▶ _PROBLEM TO SOLVE_
Using the data below, return word for word every line from the one holding "活动中,志愿者们来到小区居民" down to the one holding "250g. Krewetki, awokado, swieży". Leave pictures out.

▶ _EXCERPTED DATA_
★ ★ ★ ★ ★ ★ ★

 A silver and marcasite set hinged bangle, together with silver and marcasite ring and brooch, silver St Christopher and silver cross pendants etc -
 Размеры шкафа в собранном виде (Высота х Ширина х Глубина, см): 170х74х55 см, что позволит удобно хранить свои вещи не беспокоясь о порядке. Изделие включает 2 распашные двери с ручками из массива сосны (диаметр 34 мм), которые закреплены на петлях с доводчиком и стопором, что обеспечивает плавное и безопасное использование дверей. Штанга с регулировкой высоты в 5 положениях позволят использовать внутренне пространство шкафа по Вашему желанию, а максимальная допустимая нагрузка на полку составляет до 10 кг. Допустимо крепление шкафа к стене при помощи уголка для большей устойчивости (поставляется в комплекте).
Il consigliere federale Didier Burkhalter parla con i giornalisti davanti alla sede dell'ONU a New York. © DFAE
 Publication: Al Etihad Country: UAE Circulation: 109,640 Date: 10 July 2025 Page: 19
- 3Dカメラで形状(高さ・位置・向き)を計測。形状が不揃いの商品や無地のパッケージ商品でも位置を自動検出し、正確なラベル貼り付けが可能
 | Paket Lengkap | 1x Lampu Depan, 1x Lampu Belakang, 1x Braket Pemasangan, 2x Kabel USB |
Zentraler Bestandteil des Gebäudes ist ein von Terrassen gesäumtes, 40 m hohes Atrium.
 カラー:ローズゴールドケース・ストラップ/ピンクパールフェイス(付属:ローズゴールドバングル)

★ ★ ★ ★ ★ ★ ★

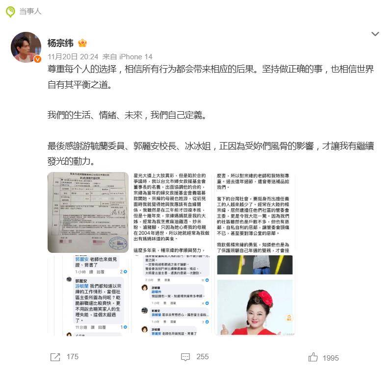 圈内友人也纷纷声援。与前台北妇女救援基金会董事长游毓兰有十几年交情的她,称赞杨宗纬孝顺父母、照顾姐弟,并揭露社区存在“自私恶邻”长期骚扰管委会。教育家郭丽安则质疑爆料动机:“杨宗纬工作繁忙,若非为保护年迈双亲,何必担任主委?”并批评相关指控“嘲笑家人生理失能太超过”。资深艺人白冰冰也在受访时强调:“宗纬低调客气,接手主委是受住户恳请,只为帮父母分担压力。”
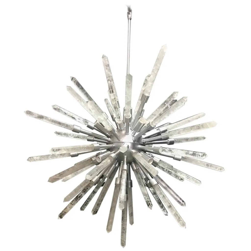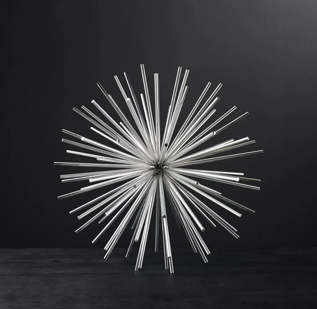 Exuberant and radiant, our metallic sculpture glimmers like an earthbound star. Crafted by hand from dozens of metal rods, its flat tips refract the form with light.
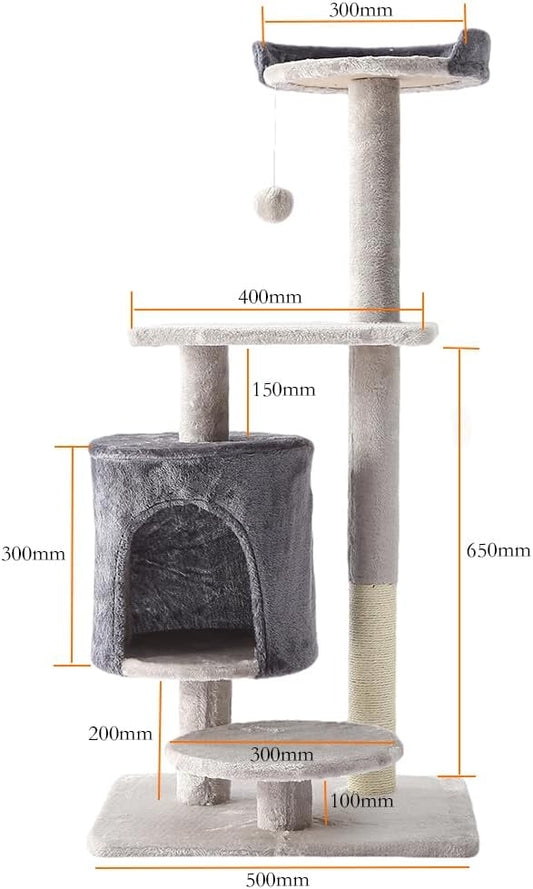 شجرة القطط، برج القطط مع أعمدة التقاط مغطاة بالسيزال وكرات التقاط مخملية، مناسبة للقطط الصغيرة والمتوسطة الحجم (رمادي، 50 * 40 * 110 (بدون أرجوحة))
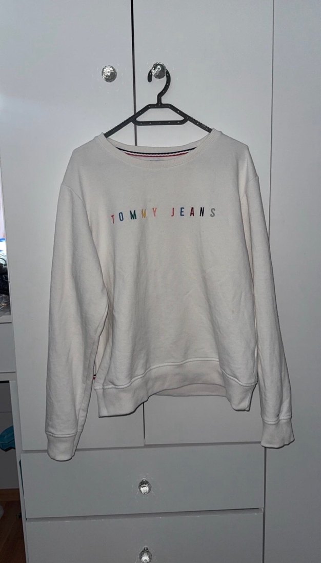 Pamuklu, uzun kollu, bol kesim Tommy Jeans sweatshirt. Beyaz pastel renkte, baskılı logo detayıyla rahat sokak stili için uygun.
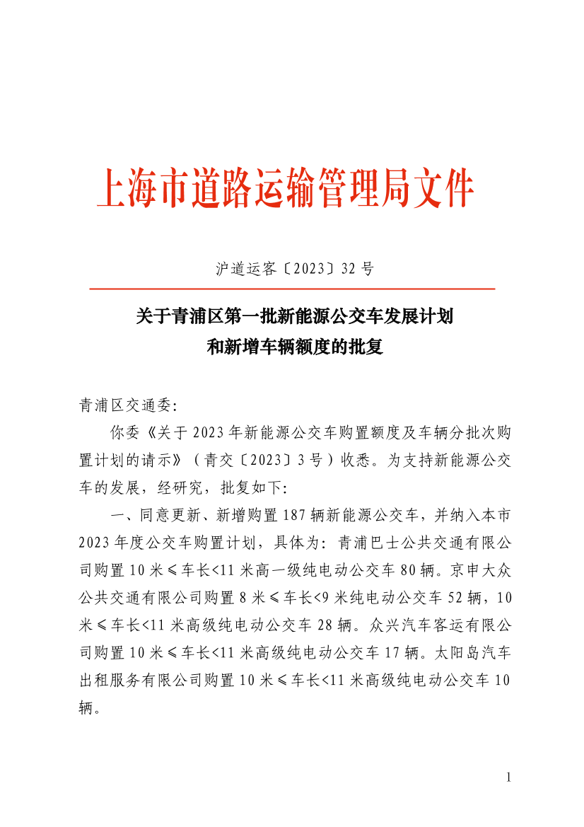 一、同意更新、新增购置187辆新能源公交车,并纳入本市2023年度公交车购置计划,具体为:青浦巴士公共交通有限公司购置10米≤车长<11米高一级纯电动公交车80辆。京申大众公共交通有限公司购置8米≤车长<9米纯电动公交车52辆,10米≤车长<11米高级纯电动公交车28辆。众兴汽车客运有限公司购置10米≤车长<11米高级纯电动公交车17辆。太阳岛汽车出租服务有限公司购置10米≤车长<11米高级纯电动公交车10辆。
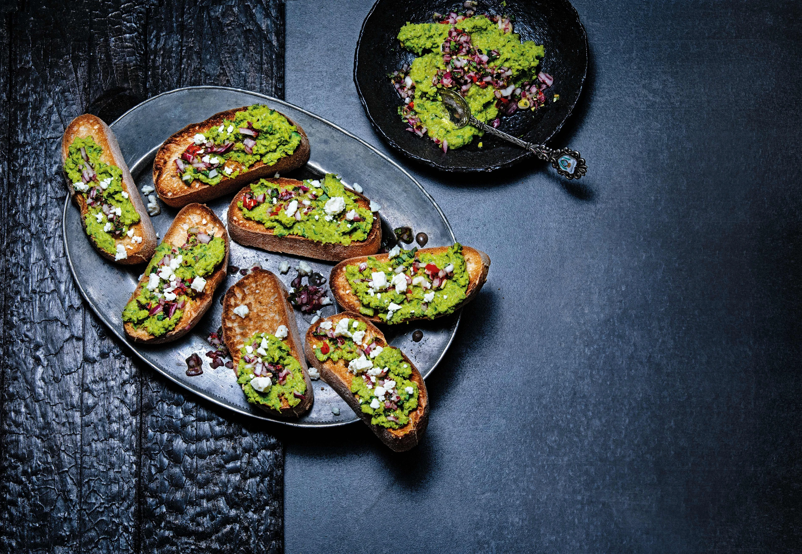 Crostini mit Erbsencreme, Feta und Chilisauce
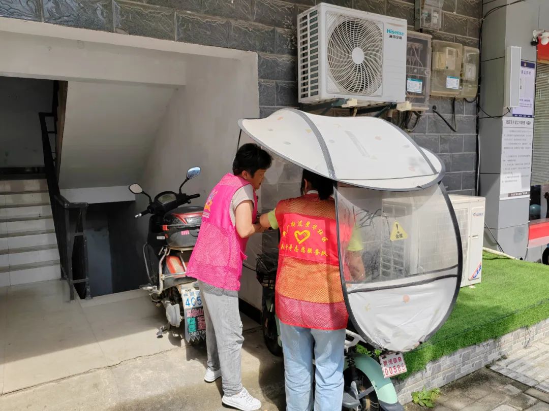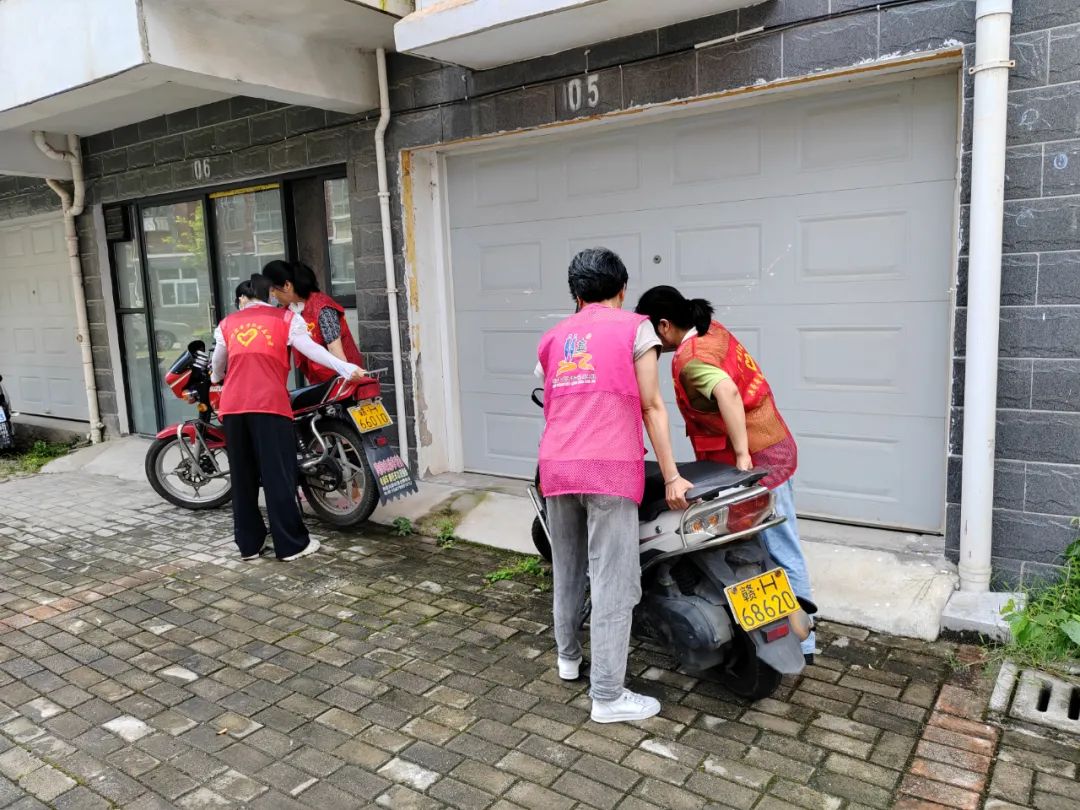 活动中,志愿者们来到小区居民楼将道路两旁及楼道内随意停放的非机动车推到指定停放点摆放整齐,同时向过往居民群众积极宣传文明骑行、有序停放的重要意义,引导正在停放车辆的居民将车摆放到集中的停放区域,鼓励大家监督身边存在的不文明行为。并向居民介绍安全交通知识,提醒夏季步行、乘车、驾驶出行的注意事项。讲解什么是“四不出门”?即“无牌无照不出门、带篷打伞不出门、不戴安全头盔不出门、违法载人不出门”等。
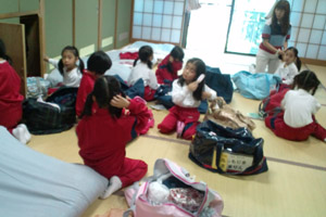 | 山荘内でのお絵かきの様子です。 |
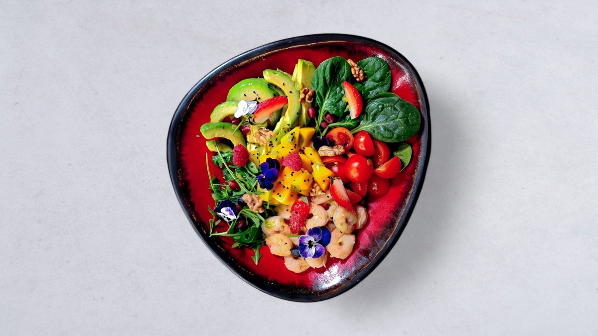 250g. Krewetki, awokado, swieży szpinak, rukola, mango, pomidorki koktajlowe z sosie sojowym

★ ★ ★ ★ ★ ★ ★

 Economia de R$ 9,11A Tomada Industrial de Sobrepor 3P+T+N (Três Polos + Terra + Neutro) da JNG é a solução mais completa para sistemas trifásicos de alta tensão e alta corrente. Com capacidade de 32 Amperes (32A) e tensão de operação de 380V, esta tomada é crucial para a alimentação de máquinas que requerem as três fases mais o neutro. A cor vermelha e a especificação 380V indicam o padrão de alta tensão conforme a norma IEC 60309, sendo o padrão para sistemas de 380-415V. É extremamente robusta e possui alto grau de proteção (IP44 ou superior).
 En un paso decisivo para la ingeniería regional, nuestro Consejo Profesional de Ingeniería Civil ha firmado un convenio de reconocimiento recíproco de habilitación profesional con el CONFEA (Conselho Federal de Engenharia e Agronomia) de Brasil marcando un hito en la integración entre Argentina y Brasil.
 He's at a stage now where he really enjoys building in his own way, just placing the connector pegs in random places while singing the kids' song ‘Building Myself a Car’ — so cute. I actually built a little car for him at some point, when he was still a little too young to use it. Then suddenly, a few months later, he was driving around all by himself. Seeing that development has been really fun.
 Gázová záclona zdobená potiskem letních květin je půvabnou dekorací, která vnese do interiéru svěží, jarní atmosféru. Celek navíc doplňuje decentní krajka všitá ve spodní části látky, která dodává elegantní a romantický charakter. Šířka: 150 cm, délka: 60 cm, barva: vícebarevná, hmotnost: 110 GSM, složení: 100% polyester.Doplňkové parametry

★ ★ ★ ★ ★ ★ ★

▶ _YOUR SOLUTION_
 活动中,志愿者们来到小区居民楼将道路两旁及楼道内随意停放的非机动车推到指定停放点摆放整齐,同时向过往居民群众积极宣传文明骑行、有序停放的重要意义,引导正在停放车辆的居民将车摆放到集中的停放区域,鼓励大家监督身边存在的不文明行为。并向居民介绍安全交通知识,提醒夏季步行、乘车、驾驶出行的注意事项。讲解什么是“四不出门”?即“无牌无照不出门、带篷打伞不出门、不戴安全头盔不出门、违法载人不出门”等。
 | 山荘内でのお絵かきの様子です。 |
 250g. Krewetki, awokado, swieży szpinak, rukola, mango, pomidorki koktajlowe z sosie sojowym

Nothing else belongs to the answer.